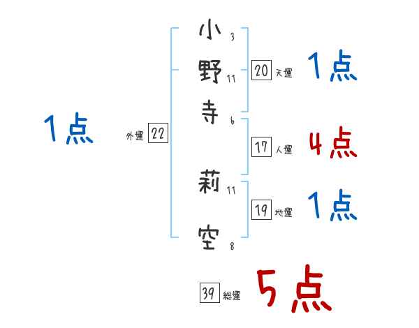 外運![]() | 小野寺莉空さんの外運は22画の1つ星!努力することが苦手ないっぽう手先が器用。芸術性にも優れる。 生活面を象徴する運勢です。外部から受ける影響力を表し、結婚運、家庭運や職場、環境への順応性を表します。 |
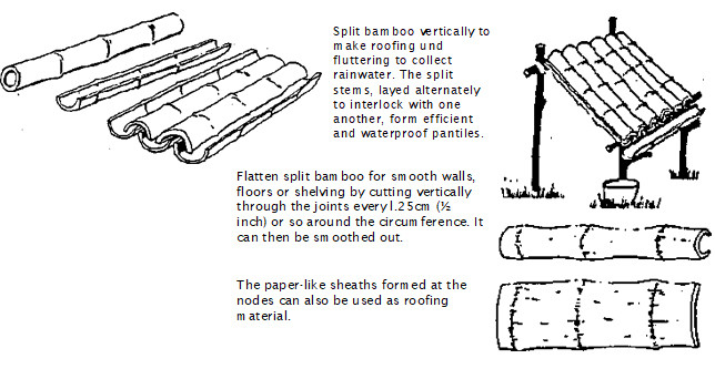 This large-stemmed plant, actually a grass, is a very versatile building material and can be used for pole supports, flooring, roofing and walls. The giant form of bamboo, which can be over 30m (100ft) high and 30cm (1ft) in diameter, is an Asian plant, found in damp places from India through to China both in the lowlands and on mountain slopes, but there are types native to Africa and Australia and two which are found in the southern United States.
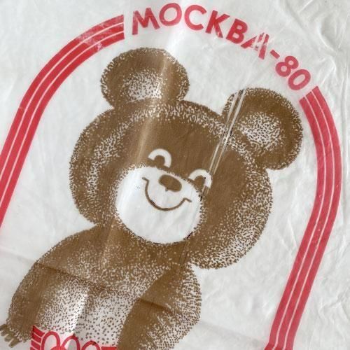 1980年にモスクワで開催されたオリンピックのマスコットキャラクター、こぐまのミーシャのイラストがプリントされたビニール袋です。
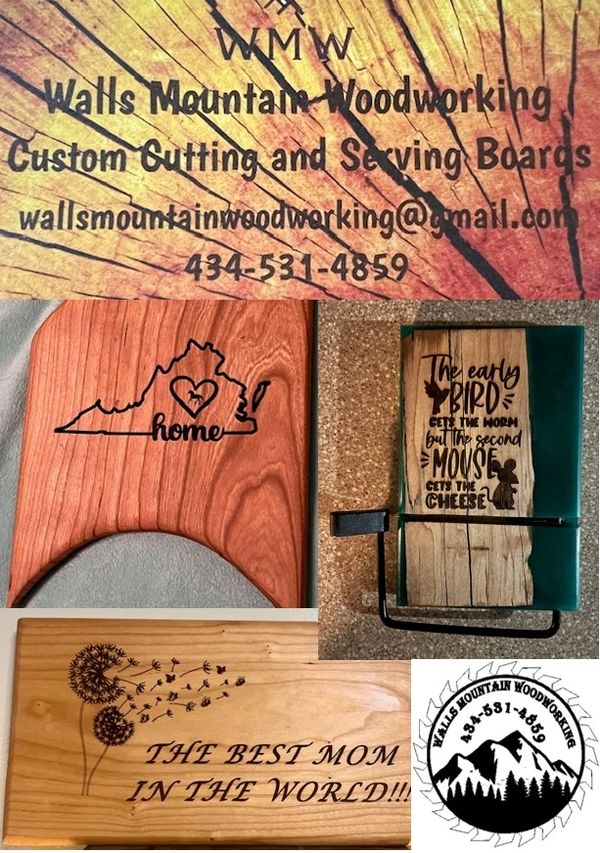 Walls Mountain Wood working makes beautiful custom cutting and serving boards.
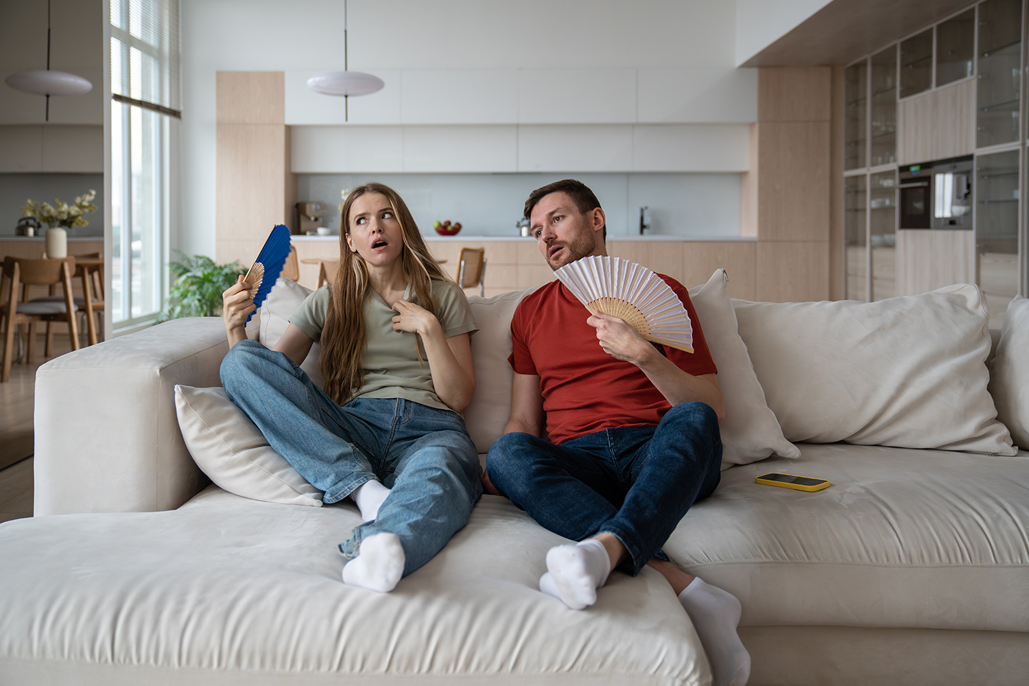 Exhausted couple sitting at home waving with hand fans, suffering from extreme high air temperature By hhuffman Posted on May 27 2025 in
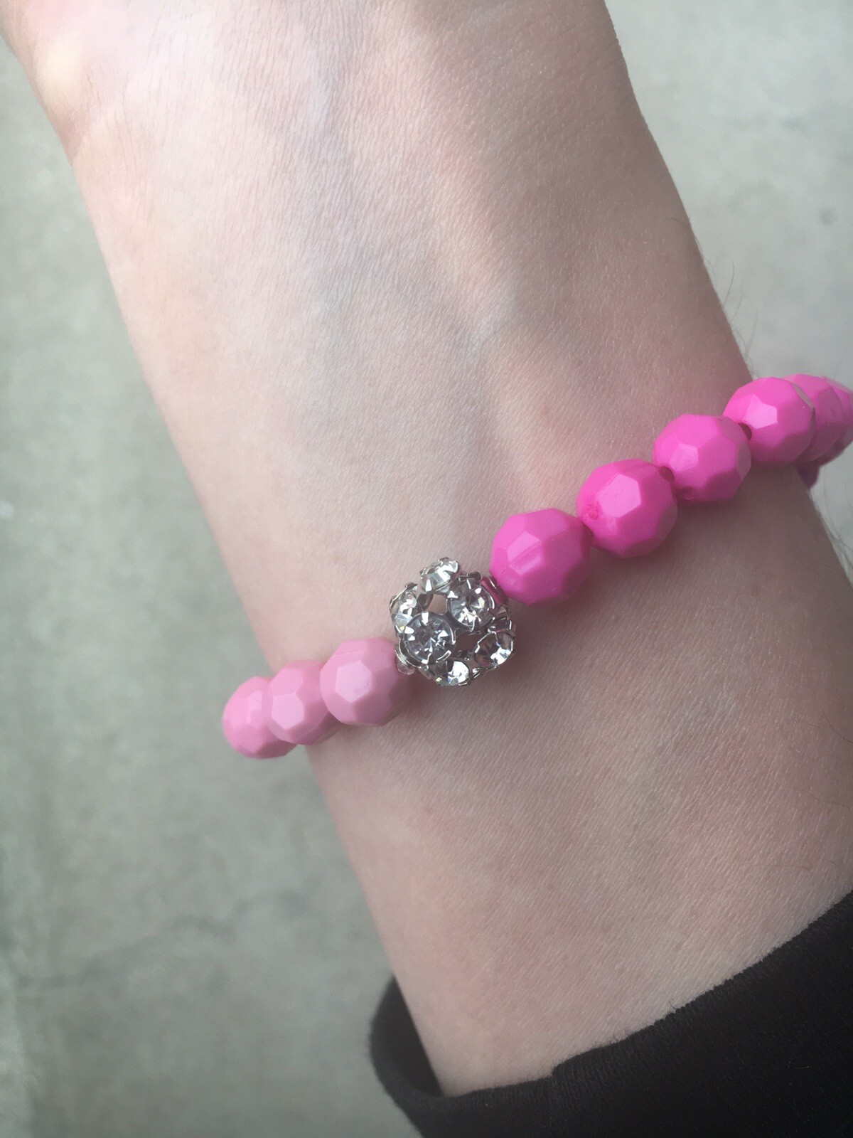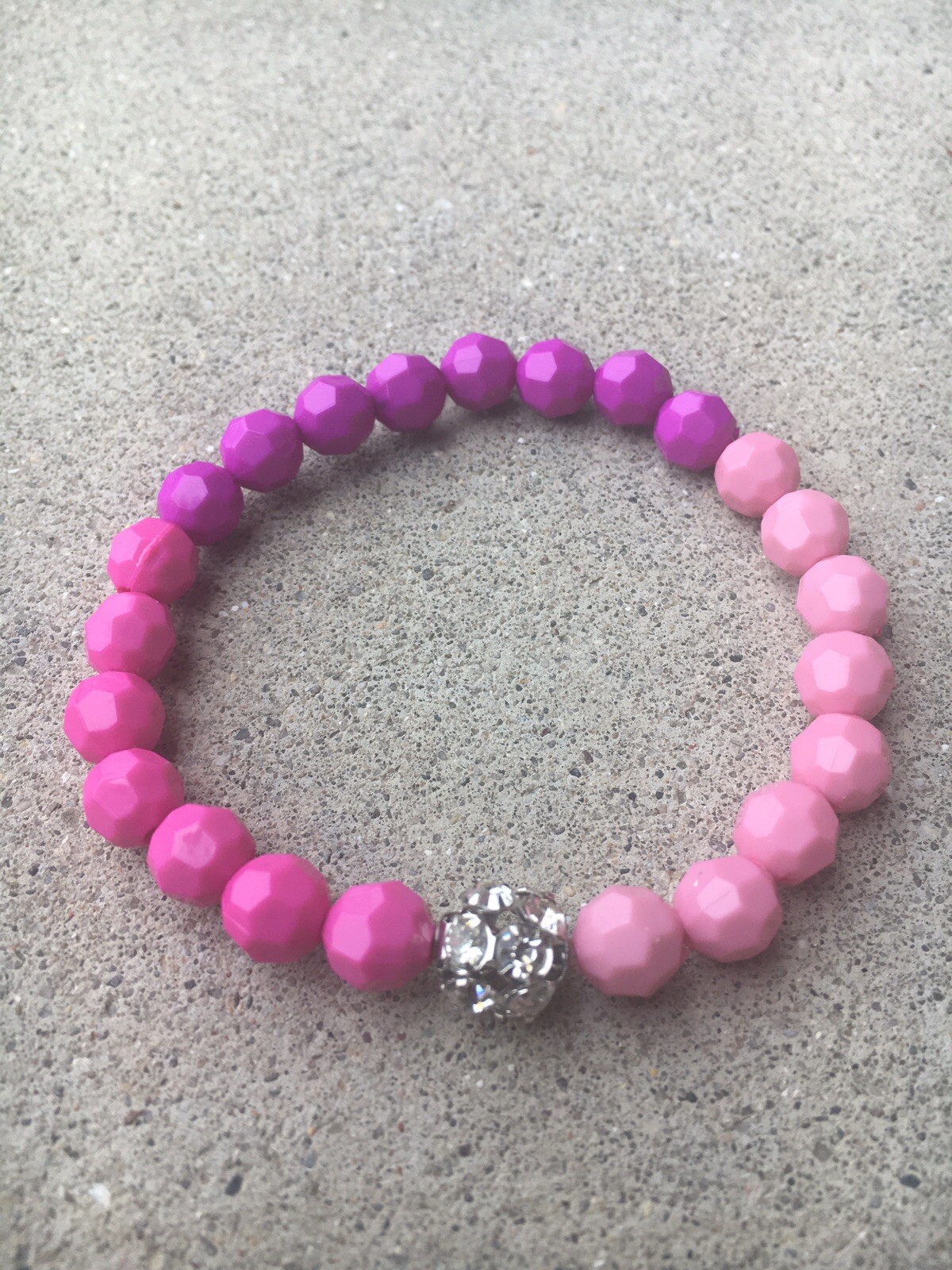 Womens Girls 7 Various Pink Beaded Stretch Bracelet, Rhinestone Crystal
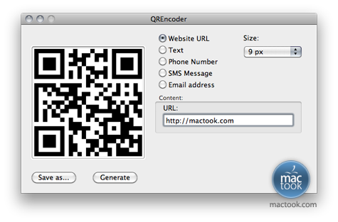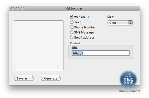 الجميل في هذا الموضوع أنه هناك تطبيق متوفر في متجر البرامج Mac AppStore لهذه التقنية وتستطيع من خلاله إنشاء الباركود الخاص بك ووضعه في أي مكان تريده ، البرنامج يوفر العديد من الخيارات لإنشاء RQ Code مثل : WebsiteURL , TEXT , Phone Number , SMS , Email . وتستطيع إنشاء الباركود بكل سهولة لأي معلومات تودها والجميل أيضاً أن التطبيق مجاني
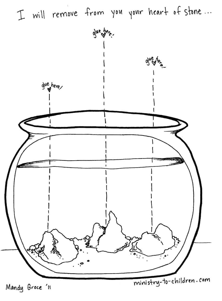 Directions: Download both pictures and have the children decorate them with crayons, markers, or colored pencils. Cut out the “heart of flesh” pictures and paste them on the “heart of stone” page. The pdf version below is print friendly and the jpeg if for advanced users who would like to modify the image using their own software.
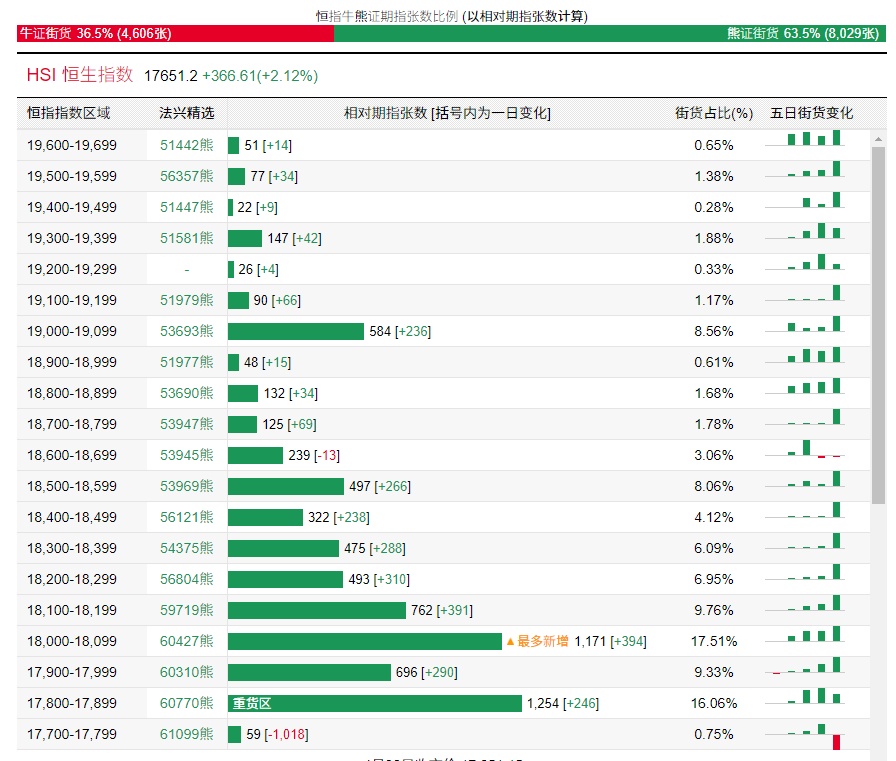 法兴恒指牛熊证街货分布图中的数据显示,熊证街货重货区在17,800-17,899区间,该区间最新熊证数量为1,254张,较上一交易日增加246张;最多新增在18,000-18,099区间,该区间最新熊证数量为1,171张,较上一交易日增加394张。
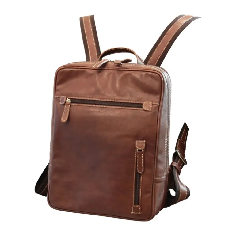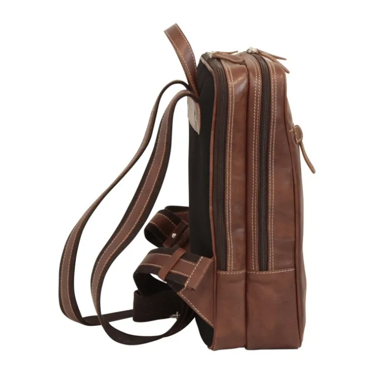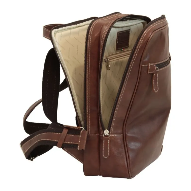 Skórzany plecak z kieszenią na laptopa, podszyty bawełną, duża komora główna, przegroda na komputer 13″, widoczna kieszeń na tarczy przedniej, wewnętrzna kieszeń na telefon komórkowy, duża komora główna, zewnętrzne mosiężne zamki, regulowane bawełniane i skórzane szelki oraz siatka na plecach.
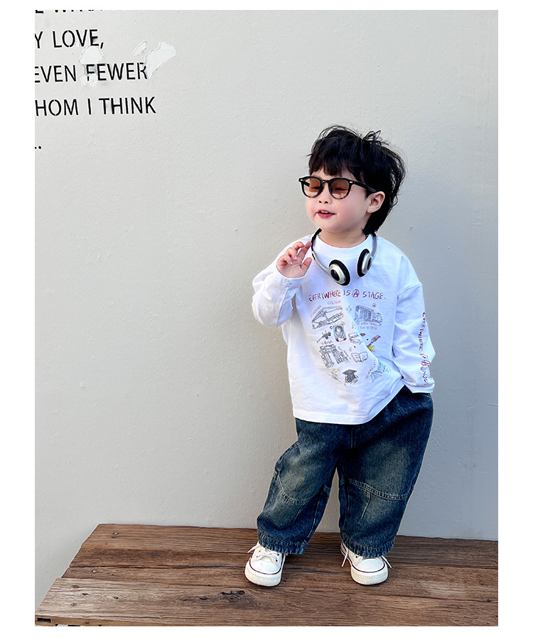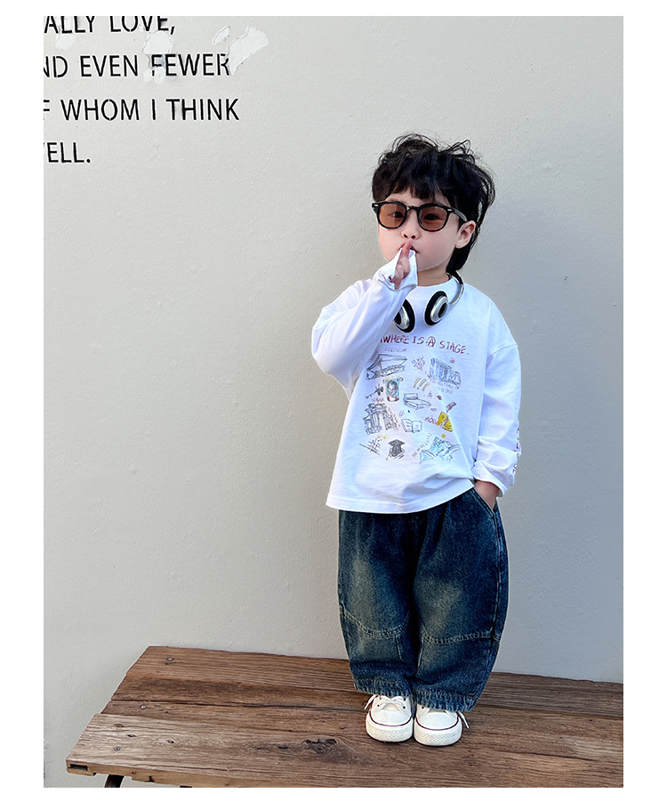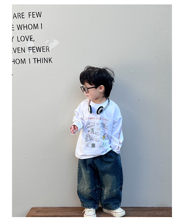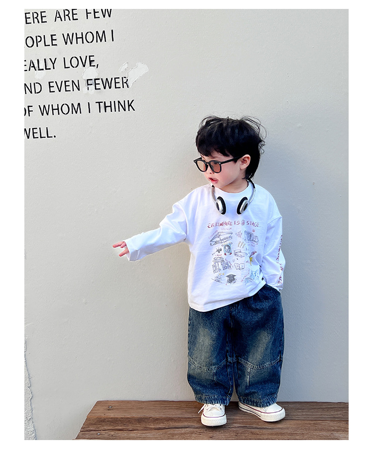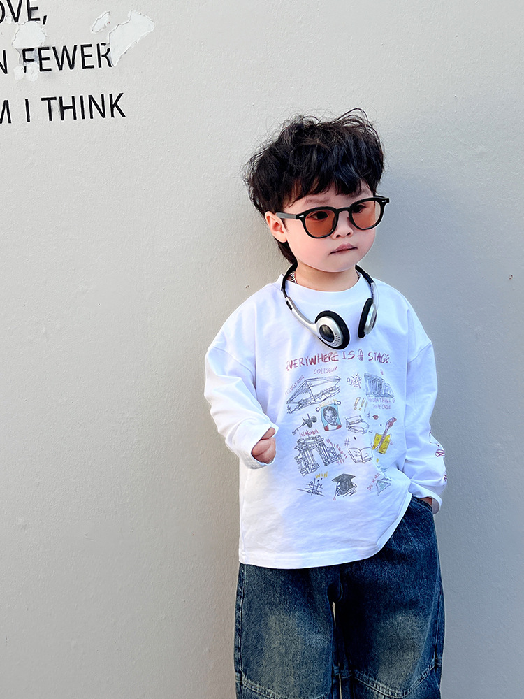 소년 소녀 아기 일러스트 티셔츠 봄과 가을 2025 새로운 서양식 아동베이스 셔츠 한국 스타일 유행 올 매치 유아 티셔츠스토어 가기

+===+

WORK REQUEST: All the records above need to be given again word for word. Skip the pictures.

RESPONSE BOX:
 外運![]() | 小野寺莉空さんの外運は22画の1つ星!努力することが苦手ないっぽう手先が器用。芸術性にも優れる。 生活面を象徴する運勢です。外部から受ける影響力を表し、結婚運、家庭運や職場、環境への順応性を表します。 |
 This large-stemmed plant, actually a grass, is a very versatile building material and can be used for pole supports, flooring, roofing and walls. The giant form of bamboo, which can be over 30m (100ft) high and 30cm (1ft) in diameter, is an Asian plant, found in damp places from India through to China both in the lowlands and on mountain slopes, but there are types native to Africa and Australia and two which are found in the southern United States.
 1980年にモスクワで開催されたオリンピックのマスコットキャラクター、こぐまのミーシャのイラストがプリントされたビニール袋です。
 Walls Mountain Wood working makes beautiful custom cutting and serving boards.
 Exhausted couple sitting at home waving with hand fans, suffering from extreme high air temperature By hhuffman Posted on May 27 2025 in
 Womens Girls 7 Various Pink Beaded Stretch Bracelet, Rhinestone Crystal
 الجميل في هذا الموضوع أنه هناك تطبيق متوفر في متجر البرامج Mac AppStore لهذه التقنية وتستطيع من خلاله إنشاء الباركود الخاص بك ووضعه في أي مكان تريده ، البرنامج يوفر العديد من الخيارات لإنشاء RQ Code مثل : WebsiteURL , TEXT , Phone Number , SMS , Email . وتستطيع إنشاء الباركود بكل سهولة لأي معلومات تودها والجميل أيضاً أن التطبيق مجاني
 Directions: Download both pictures and have the children decorate them with crayons, markers, or colored pencils. Cut out the “heart of flesh” pictures and paste them on the “heart of stone” page. The pdf version below is print friendly and the jpeg if for advanced users who would like to modify the image using their own software.
 法兴恒指牛熊证街货分布图中的数据显示,熊证街货重货区在17,800-17,899区间,该区间最新熊证数量为1,254张,较上一交易日增加246张;最多新增在18,000-18,099区间,该区间最新熊证数量为1,171张,较上一交易日增加394张。
 Skórzany plecak z kieszenią na laptopa, podszyty bawełną, duża komora główna, przegroda na komputer 13″, widoczna kieszeń na tarczy przedniej, wewnętrzna kieszeń na telefon komórkowy, duża komora główna, zewnętrzne mosiężne zamki, regulowane bawełniane i skórzane szelki oraz siatka na plecach.
 소년 소녀 아기 일러스트 티셔츠 봄과 가을 2025 새로운 서양식 아동베이스 셔츠 한국 스타일 유행 올 매치 유아 티셔츠스토어 가기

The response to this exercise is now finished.